## Input
☆ ☆ ☆

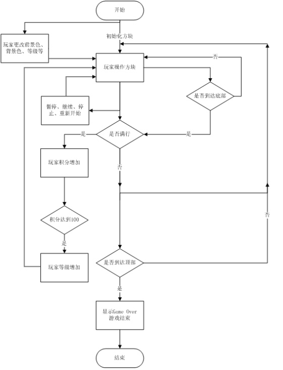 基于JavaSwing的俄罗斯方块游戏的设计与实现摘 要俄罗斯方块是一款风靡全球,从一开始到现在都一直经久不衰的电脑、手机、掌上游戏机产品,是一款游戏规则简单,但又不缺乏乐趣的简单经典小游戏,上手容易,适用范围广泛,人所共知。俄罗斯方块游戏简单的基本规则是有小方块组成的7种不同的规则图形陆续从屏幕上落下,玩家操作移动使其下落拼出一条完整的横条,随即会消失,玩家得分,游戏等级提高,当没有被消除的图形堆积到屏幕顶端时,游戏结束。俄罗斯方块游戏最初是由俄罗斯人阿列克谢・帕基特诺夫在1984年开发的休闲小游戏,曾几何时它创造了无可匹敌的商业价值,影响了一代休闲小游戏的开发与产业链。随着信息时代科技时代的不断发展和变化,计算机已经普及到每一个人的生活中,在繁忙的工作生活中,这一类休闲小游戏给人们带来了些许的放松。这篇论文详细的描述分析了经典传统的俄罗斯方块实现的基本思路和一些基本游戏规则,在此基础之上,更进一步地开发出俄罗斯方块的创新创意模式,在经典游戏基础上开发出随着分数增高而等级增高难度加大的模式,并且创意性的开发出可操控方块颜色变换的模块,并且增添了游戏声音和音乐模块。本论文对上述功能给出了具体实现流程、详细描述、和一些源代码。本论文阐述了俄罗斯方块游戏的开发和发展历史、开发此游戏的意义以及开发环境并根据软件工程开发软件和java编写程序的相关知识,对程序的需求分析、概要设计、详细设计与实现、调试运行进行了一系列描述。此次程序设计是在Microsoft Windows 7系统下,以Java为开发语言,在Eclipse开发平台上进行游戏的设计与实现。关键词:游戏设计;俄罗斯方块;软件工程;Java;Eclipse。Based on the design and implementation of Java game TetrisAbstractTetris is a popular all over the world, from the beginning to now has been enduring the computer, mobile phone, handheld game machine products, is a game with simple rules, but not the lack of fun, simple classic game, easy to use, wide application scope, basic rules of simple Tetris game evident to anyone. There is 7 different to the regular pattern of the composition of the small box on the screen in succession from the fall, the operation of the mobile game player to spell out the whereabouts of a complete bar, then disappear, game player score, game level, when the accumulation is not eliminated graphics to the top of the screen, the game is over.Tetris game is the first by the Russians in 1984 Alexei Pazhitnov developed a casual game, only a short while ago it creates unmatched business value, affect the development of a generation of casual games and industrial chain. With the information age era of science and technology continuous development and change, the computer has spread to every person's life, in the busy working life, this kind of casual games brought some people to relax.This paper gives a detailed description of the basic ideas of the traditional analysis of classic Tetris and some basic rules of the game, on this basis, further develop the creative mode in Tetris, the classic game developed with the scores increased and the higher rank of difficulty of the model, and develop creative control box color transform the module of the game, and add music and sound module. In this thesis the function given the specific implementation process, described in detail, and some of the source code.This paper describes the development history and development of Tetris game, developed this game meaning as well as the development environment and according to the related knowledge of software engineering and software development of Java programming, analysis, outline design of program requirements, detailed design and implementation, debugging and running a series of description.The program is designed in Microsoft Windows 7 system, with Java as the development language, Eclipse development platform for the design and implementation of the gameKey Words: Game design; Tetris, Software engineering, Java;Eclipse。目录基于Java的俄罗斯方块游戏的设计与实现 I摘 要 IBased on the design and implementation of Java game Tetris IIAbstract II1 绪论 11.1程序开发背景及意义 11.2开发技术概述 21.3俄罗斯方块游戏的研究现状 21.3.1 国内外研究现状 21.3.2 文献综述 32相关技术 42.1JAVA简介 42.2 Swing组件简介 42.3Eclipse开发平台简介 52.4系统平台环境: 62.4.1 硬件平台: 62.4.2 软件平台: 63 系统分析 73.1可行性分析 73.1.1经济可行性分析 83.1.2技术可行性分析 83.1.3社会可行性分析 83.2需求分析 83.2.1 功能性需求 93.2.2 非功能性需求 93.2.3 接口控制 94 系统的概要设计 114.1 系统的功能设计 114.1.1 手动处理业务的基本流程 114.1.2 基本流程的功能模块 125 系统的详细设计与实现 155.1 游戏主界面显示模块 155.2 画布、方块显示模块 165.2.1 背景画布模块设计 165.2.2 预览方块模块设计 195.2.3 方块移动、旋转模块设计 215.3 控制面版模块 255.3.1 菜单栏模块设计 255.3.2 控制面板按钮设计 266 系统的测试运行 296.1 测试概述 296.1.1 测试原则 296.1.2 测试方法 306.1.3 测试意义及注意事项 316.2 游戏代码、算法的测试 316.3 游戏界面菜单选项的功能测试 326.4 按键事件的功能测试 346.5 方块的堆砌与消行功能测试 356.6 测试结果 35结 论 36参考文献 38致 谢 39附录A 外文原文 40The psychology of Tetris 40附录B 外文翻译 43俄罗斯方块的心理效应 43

☆ ☆ ☆

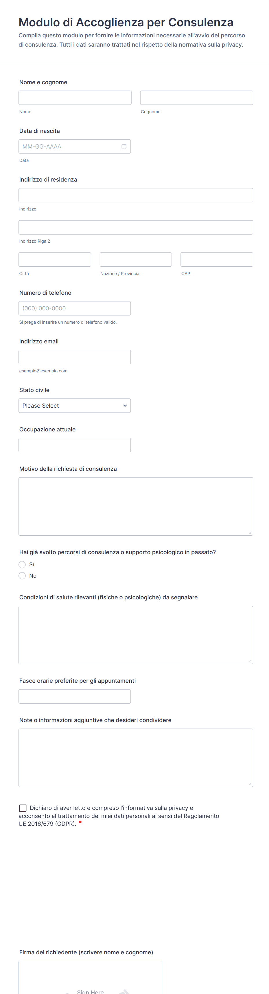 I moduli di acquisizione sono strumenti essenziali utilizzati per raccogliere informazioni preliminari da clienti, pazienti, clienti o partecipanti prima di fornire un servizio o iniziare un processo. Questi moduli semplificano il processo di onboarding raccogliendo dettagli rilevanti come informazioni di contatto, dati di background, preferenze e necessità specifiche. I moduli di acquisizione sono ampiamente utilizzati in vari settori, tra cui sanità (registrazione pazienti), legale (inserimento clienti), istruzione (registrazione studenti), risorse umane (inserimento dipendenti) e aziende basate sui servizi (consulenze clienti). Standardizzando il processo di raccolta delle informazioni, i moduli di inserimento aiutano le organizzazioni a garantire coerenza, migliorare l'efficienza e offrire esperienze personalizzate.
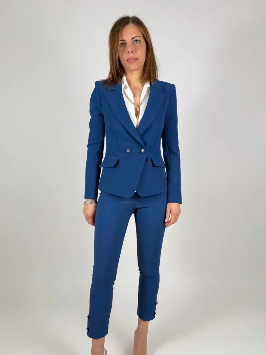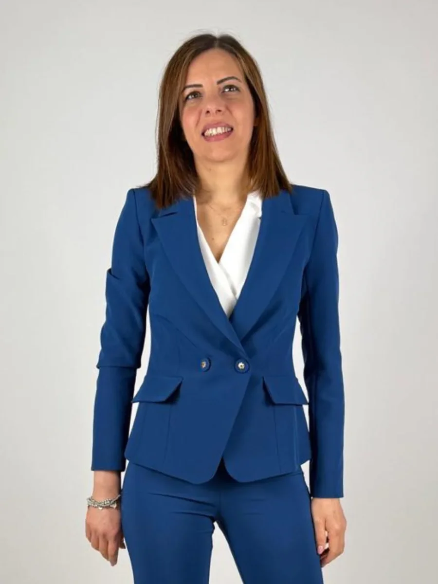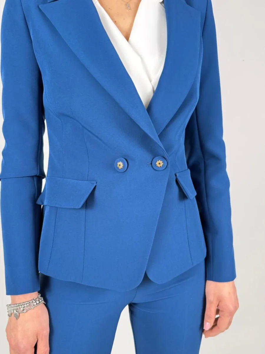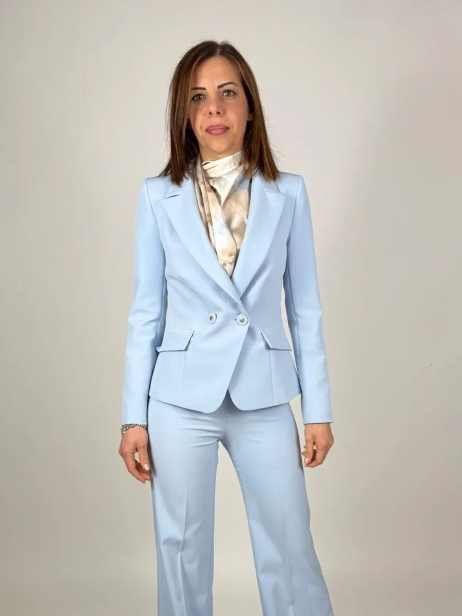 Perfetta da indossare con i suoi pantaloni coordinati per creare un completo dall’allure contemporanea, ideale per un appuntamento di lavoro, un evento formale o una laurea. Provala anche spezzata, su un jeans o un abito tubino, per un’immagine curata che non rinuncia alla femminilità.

☆ ☆ ☆

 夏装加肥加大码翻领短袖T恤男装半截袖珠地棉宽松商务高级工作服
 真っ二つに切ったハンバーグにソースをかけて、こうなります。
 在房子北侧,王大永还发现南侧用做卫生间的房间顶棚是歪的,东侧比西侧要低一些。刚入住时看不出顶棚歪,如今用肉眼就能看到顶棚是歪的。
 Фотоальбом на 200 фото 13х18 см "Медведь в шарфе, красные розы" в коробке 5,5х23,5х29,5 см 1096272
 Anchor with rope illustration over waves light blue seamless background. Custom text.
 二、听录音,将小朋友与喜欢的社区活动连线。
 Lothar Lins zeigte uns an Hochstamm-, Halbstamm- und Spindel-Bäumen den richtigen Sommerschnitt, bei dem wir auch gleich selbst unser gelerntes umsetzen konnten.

☆ ☆ ☆

Repeat word for word the lines above that run from the line containing "在房子北侧,王大永还发现南侧" through the line containing "Lothar Lins zeigte", both ends included, and nothing else.

 在房子北侧,王大永还发现南侧用做卫生间的房间顶棚是歪的,东侧比西侧要低一些。刚入住时看不出顶棚歪,如今用肉眼就能看到顶棚是歪的。
 Фотоальбом на 200 фото 13х18 см "Медведь в шарфе, красные розы" в коробке 5,5х23,5х29,5 см 1096272
 Anchor with rope illustration over waves light blue seamless background. Custom text.
 二、听录音,将小朋友与喜欢的社区活动连线。
 Lothar Lins zeigte uns an Hochstamm-, Halbstamm- und Spindel-Bäumen den richtigen Sommerschnitt, bei dem wir auch gleich selbst unser gelerntes umsetzen konnten.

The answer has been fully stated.